但更正确说法是他和每个人都保持距离,既不亲近也不疏远,平平淡淡像是湖里的水,就算起了风也不生涟漪,叫人猜不透他在想些什么。
堡里的人畏惧他也信赖他,他虽然平时严谨不苟言笑,但是对待下人一向公平,绝不容许有旧仆凌虐新婢的事情发生。
他照顾手底下为他工作的人,不论伙计或是仆佣,只要不犯了他的规矩。
而他的规矩全端看当时的心态、情况定下,然后严令手底下的人必须道从,没有商量余地。
“出外不得随意接受款待,若有必要得斟酌酒量,不得过度误了正事。”
龙卫天寒酷地瞟了出言的管事一眼。“多事。”
“是,堡主,老胡僭越了。”毫无愧色,胡不言的神情耐人寻味。
他这人有一股书卷味,看来像私塾夫子而非管事,一把胡子掩去了半张脸孔,有人说他是刻意蓄胡好掩饰真面目,目的是避免仇人的追杀,找对了靠山省却四处逃亡的麻烦,没人敢当面问一句——他在躲谁,或是何事。

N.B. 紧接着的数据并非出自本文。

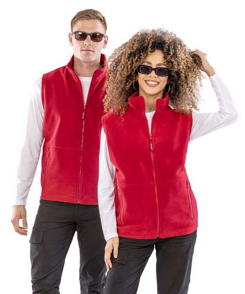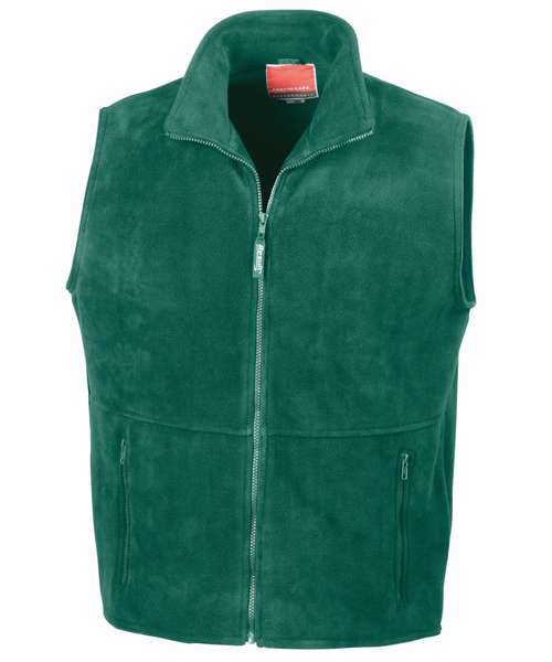 Pill-resistant unlined polyester fleece bodywarmer. Stretchy fit. Full front zip fastening. 2 large front pockets with active fleece by Result® lining. Decorative body yoke. Concealed front reverse. Unlined. Anti-pilling.Decoration Guideline:Decorating methods: Embroidery. Decorators access point: Open.
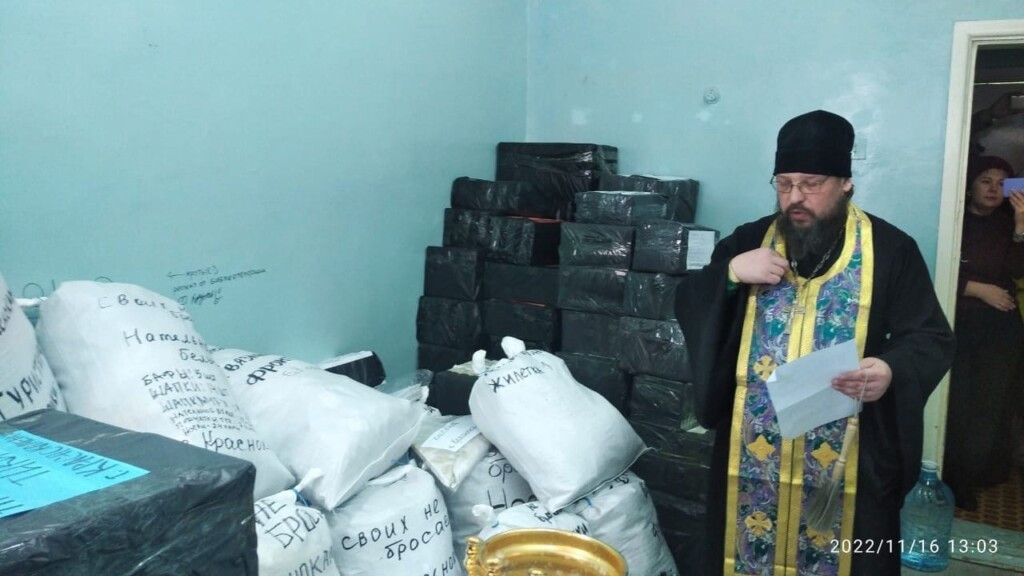 16 ноября 2022 года секретарь Нерчинской епархии игумен Симеон (Зимняков) совершил молебен о здравии воинов краснокаменцев и окропил святой водой посылки воинам участникам СВО. Общественная организация «Своих не бросаем» г. Краснокаменска собрала, упаковала и подготовила к отправке тёплые вещи и продукты. В сборе медикаментов, санитарно-гигиенических принадлежностей, необходимых в военно-полевых условиях, а также теплых вещей и продуктов питания приняли участие жители города и сёл Краснокаменского района. Очень много вещей создано заботливыми руками краснокаменских рукодельниц, в том числе — прихожанок Спасского храма (носки, шарфы, перчатки, головные уборы). В посылки вложены рисунки и письма краснокаменских детей. Также продолжают работать пункты приема вещей «Коробки доброты» в магазинах города Краснокаменск и Краснокаменского района. ©Нерчинская епархия
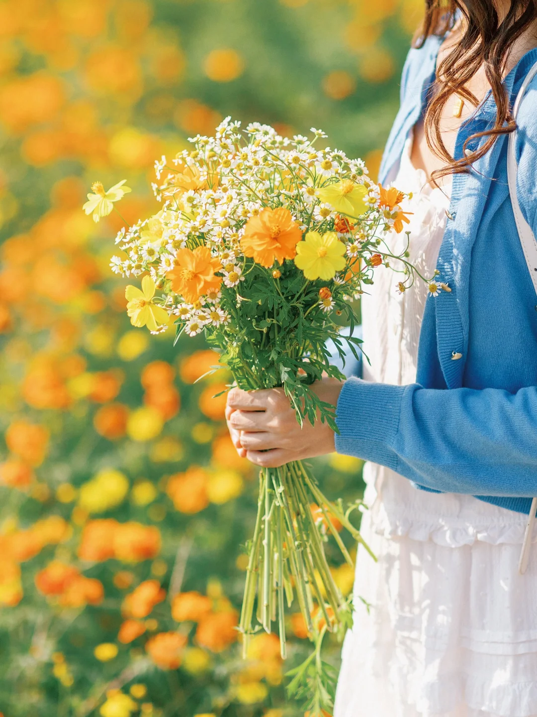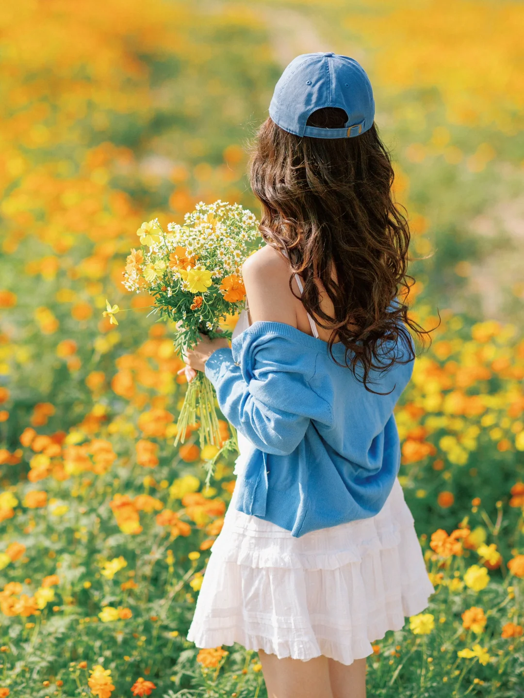 搭配了蓝色上衣形成撞色的效果
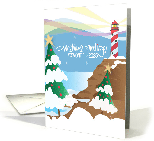 This is the perfect holiday card for those of you who love life in Vermont and want to share the beauty of your state with everyone at Christmas. The card's colorful card exhibits a candy cane striped lighthouse atop a rocky cliff, on the card's right side, with two snow and ornament decorated trees, in the lower parts of the card. Hand lettered wording, in white, says "Christmas Greetings - Vermont 2025", below the light that is radiating out from the light in the lighthouse, at the top of the card and above the blue ocean. The inside wording says "Wishing you all the joys of the season!"

“是何人所为?”他是僭越了,而且不敬。龙卫天的眸底蒙上一层不悦。
“四君子之一的菊。”
这回胡管事不插手了,让其他人将“证物”呈上。
“四君子?”
“盗字辈的人物,在江湖上颇有名望,专偷银子太多的大户人家,我看你也别急着累积财富,万一被偷光了多不划算,又得重新由小钱攒起……” “闭嘴,司徒长风。” 人未到声先至,俊朗的身影由窗口一跃而入,所有人包括胡管事全松了一口气,这位浪荡成性的“客人”足以替他们挡过一劫。
“啧!瞧我两袖清风多逍遥自在,爱上哪就上哪,用不着背负一身责任,成天板着一张脸做人不累吗?啊!老胡,来杯茶润润喉吧! ”
话锋一转,来者毫不客气讨起茶喝,就当回到自个家中。
“有门让人行走,相信你不会忘了它的位置。”龙卫天冷言冷语的口气中有着令人难以忽视的怒意。

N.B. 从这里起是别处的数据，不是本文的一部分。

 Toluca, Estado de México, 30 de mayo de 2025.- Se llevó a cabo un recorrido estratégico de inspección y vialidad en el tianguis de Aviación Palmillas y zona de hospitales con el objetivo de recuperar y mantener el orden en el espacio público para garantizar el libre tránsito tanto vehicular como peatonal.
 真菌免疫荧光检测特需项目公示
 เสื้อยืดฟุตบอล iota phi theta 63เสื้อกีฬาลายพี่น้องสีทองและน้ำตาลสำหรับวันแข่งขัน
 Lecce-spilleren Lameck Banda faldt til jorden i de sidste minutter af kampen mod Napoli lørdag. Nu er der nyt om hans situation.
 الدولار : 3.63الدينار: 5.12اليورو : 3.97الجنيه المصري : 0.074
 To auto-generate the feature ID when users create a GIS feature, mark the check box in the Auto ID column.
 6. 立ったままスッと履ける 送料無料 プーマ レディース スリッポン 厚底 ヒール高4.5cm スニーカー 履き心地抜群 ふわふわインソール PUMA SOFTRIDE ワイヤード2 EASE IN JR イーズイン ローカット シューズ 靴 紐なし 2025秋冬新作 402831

不请自来的司徒长风兴味十足的接过婢女奉上的清茶。“哎呀!你就是太严肃了,不知变通,管他是门还是窗,我不都进来了。”
“像个贼,没个正经样。”
“贼有我这般丰采过人、仪表翩翩吗?别在一旁捧醋饮酸了,早说一句嫉妒我的洒脱不就行了。”嗯!好茶,人喉回甘。
双脚一抬,笑得不三不四的司徒长风借力使力的一扭腰,避开破空而至的一枚铜钱。
“没事滚远些,卫天堡不欢迎你。”哪有热闹尽往哪里凑,唯恐天下不乱。
又来了,也不怕得罪人,送来是客嘛。“我是好心来关照一番,免得人家说我游手好闲,尽出纰漏,兄弟出了事还能袖手旁观。”
“你不是吗?”龙卫天语调低沉,听来有几分令人不寒而栗的威严。
司徒长风干笑的搔搔耳朵,心虚的回避冷冽注视。“不是全怪在我头上吧!远游在外哪知道地头上发生什么事,有冤有仇找债主索去,与我无关。”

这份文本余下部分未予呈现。